Про зимний ремонт в книжках пишут скучно, а между тем это единственное время года, когда в хозяйстве по-настоящему что-то решается.
Летом ничего решить нельзя. Летом можно только успеть или не успеть с тем, что есть.
А вот с декабря по март, когда за окном темно с четырёх часов и в поле делать нечего, в мастерской МТС решается будущий урожай — весь, целиком, до последнего центнера. Весной в борозду выйдет ровно столько машин, сколько к марту соберут вот эти люди при вот этом освещении, и ни одной больше.
Осташинская МТС держала тридцать один трактор и девять комбайнов.
К первому апреля все они должны были стоять на ходу.
Пятого декабря Гречко собрал бригадиров и объявил новость, которую я ждал с сентября и всё равно услышал с интересом.
Районное управление сельского хозяйства и заготовок ликвидируется. Руководство сельскохозяйственным производством в районе передаётся машинно-тракторным станциям с прямым подчинением области.
Читал он это по бумаге, ровно, и, дочитав, положил её на стол и посидел молча.
— Пал Палыч, — подал голос бригадир первой, — это нам как понимать-то?
— А так и понимать, — ответил Гречко. — Что колхозы теперь мои. Все одиннадцать, со всей их землёй, со всеми семенами и со всем, что у них не растёт.
Тут надо остановиться: фразу эту он произнёс без всякого торжества.
Со стороны выходило, что человек поднялся: был директором мастерской с одиннадцатью колхозами по договору, стал хозяином производства по всему кусту. А он сидел, тёр шею под воротником, и было видно, что он в эту минуту считает не приобретения.
— Раньше как? — сказал он в пространство. — Урожай плохой — виноват колхоз, а я ему техники не додал, и с меня спрос за технику. А теперь урожай плохой — виноват я: руководство производством на мне. И техника на мне. И агроном на мне. И семена, между прочим, тоже.
Он взял бумагу и посмотрел на неё ещё раз.
— Мне бы, товарищи, полгода назад это. — И прибавил, ни к кому не обращаясь: — Или лет через пять.
Для меня в этой новости была своя, отдельная сторона, и я про неё в тот день сообразил сразу.
С декабря всё в районе решалось в двух шагах от моего верстака.
Мой бригадирский стол стоял в мастерской, в шести метрах от кабинета человека, которому теперь подчинялось производство одиннадцати колхозов. Стать при таком раскладе кем угодно было вопросом времени и терпения, и любой на моём месте так и сделал бы, и был бы прав.

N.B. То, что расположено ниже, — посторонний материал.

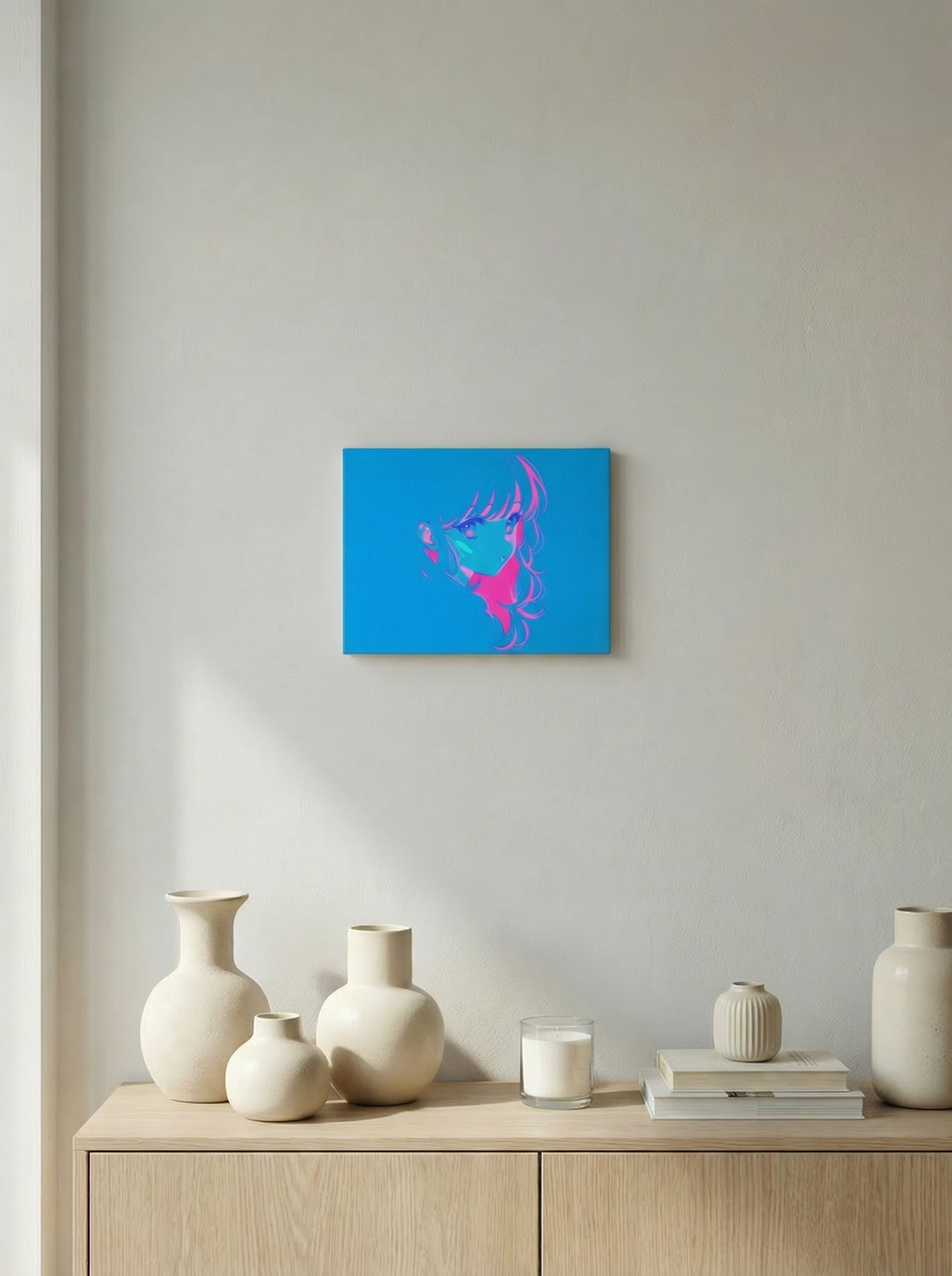 「ネオン・エッセンス」は、光と影の境界を極限まで抽象化した、極めてモダンなポートレートです。背景を大胆に排除し、鮮烈なシアンとビビッドなピンクの二色のみで描き出された少女のシルエットは、まるでデジタルな夢の中に溶け出していくような浮遊感を湛えています。

А у меня к тому декабрю из прежней жизни оставались две точки впереди: весной пятьдесят восьмого всё это ведомство перестанет существовать, а я уйду отсюда в колхоз.
С этой стороны мой будущий уход выглядел уже прямой дурью, а никакой не странностью, и то, что Гречко в ноябре назвал меня дураком, было, надо отдать ему должное, самой мягкой из возможных оценок.

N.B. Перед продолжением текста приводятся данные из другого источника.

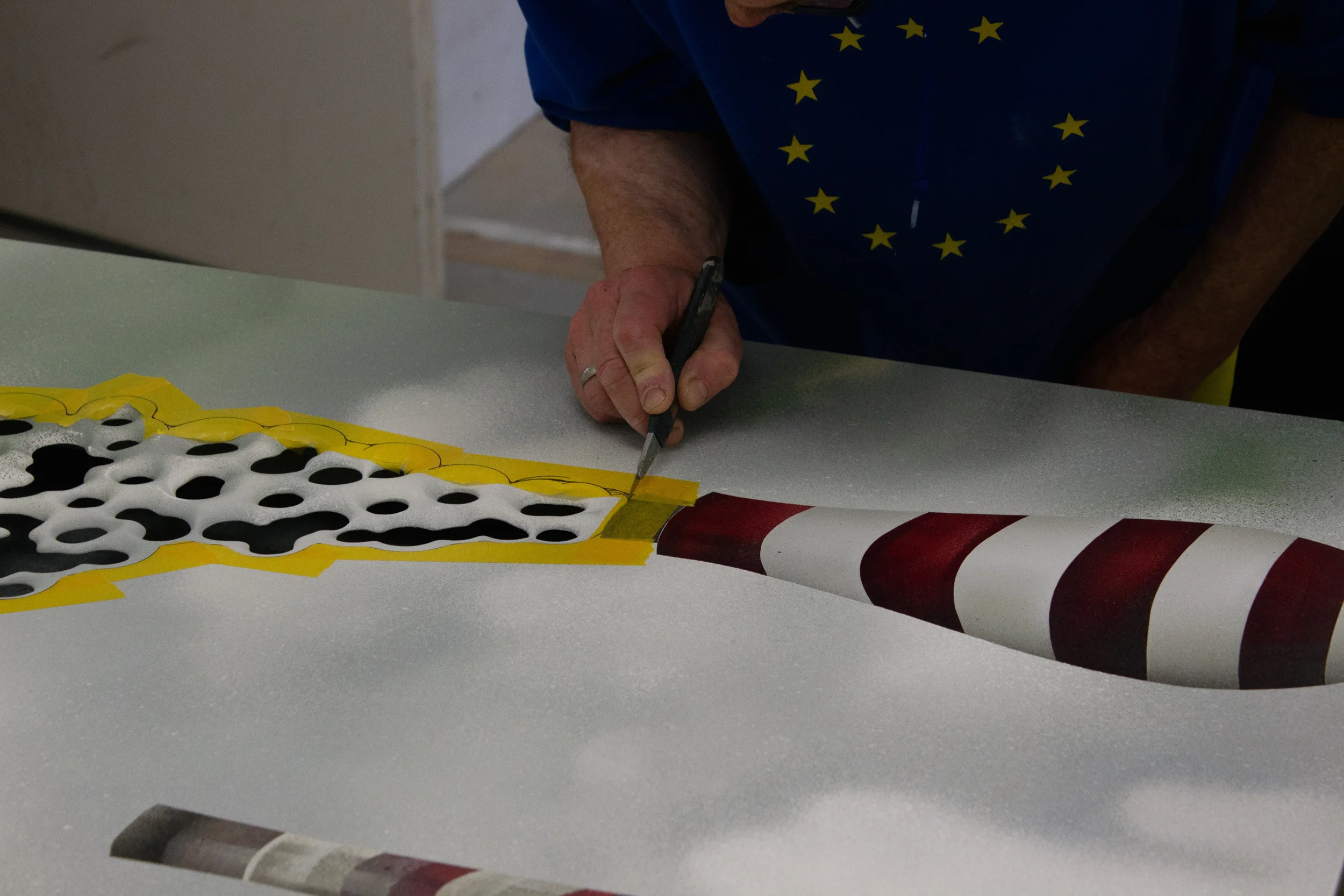 Ben Mathis zählt zu den Pionieren der Düsseldorfer Graffitiszene. Bereits in den 2000ern setzte er mit der Bemalung ganzer Fassaden neue Maßstäbe. Heute prägt er das Stadtbild mit ungewöhnlichen Straßenschildern und künstlerischen Projekten, die den öffentlichen Raum auf kreative Weise neu denken.
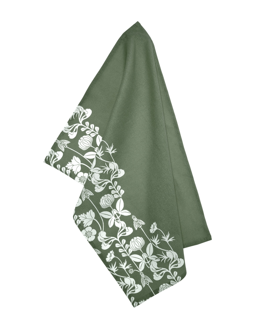 Kökshandduk De Mina mossgrön från Svanefors är tillverkad i ett mjukt bomullstyg med ett vackert tryckt botaniskt mönster. Designen, som heter De Mina, är skapad av Carl Larsson och kommer från försättningsbladet på några av hans böcker (bland annat boken 'De mina'). Den här köksduken har en färgmatchad hank och blir en fin och historisk detalj i köket. Storlek: 50x70 cm.
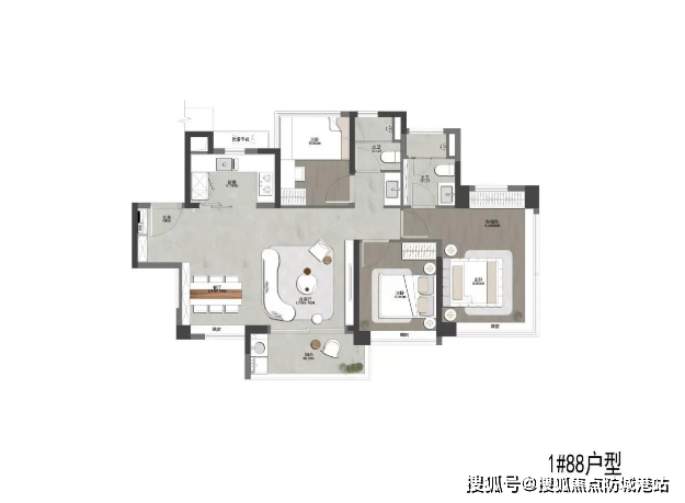 户型外面一圈全被花池和飘窗包围,赠送较高

Зимний ремонт я организовывал не с нуля.
В мастерской в декабре холодно так, что железо берут в рукавицах, а работать в рукавицах нельзя; поэтому руки держат за пазухой, вынимают на минуту и снова прячут, и к концу смены пальцы не сгибаются вовсе. Печку топили с шести утра, и до полудня она грела шагов на пять вокруг себя, не дальше.

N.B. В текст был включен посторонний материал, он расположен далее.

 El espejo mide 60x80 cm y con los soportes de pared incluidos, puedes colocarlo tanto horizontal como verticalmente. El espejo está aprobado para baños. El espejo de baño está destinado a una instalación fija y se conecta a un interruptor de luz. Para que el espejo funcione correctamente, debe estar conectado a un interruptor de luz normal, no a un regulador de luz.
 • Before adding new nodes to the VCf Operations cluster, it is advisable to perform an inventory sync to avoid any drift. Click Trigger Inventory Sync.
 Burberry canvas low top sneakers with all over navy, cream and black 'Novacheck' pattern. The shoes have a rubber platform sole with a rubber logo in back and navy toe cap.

Метод у меня был готов с июля: тот самый, которым мы за три дня подняли четыре машины из хлама, — и разница состояла в том, что в июле я делал это тайком и в панике, а в декабре мог делать открыто и по графику.
Устроено это так.
Обыкновенно в мастерской ремонтируют машину. Пригнали трактор, поставили в угол, приставили к нему слесаря, и слесарь ходит вокруг него полтора месяца: разбирает, дефектует, ищет запчасть, ждёт, снова собирает. Пока он ждёт вкладыш, трактор занимает место, а слесарь — время.
Ремонтировать мы стали узел. Не машину — узел.
Мастерскую я разделил на семь рабочих мест: мойка и разборка; шатунно-поршневая группа; головки блока; коробки перемены передач; муфты сцепления; масляные насосы и пусковые двигатели; сборка и обкатка. За каждым местом — свой человек и своя дефектовочная ведомость.
Трактор, поступая в ремонт, переставал существовать как трактор. Он разбирался на узлы, узлы расходились по местам, и каждое место занималось своим делом с утра до вечера, не отвлекаясь и не ожидая.
Собирали в конце — и собирали не обязательно то же самое: коробка с двадцать второй могла уйти на четырнадцатую, если четырнадцатая была готова раньше.
Выгода тут не в хитрости. Выгода в том, что человек, который две недели подряд перебирает только головки блока, к третьей неделе перебирает их вчетверо быстрее и втрое лучше, чем тот, кто перебирает всё подряд по разу в месяц.
Ведомости завела Кораблёва.
Дефектовочная ведомость — вещь простая: узел, номер машины, что найдено, что заменено, что восстановлено, кем и когда. Три листа на узел.
В апреле, когда машины пойдут в поле и одна из них встанет, мы будем знать уже не «сломался трактор». Мы будем знать: «встала четырнадцатая, коробка с двадцать второй, перебирал Плахин двенадцатого января, заменены две шестерни и подшипник». И разговор пойдёт другой.
Приспособления делали со Спиридоном, и делали со скандалом.
Стенд для притирки клапанов я нарисовал на обёрточной бумаге: малый движок, которым раньше крутили списанную веялку, кусок трубы, патрон и педаль.
Спиридон рисунок посмотрел и положил обратно.
— Не буду я тебе этого делать.
— Почему не будешь?
— Потому что клапан притирают рукой, — сказал он. — Рукой ты чуешь, когда он сел. А твоя машинка будет крутить, покуда ты её не остановишь, и молодой её не остановит, потому что не чует. Он тебе фаску сотрёт, и головку в брак.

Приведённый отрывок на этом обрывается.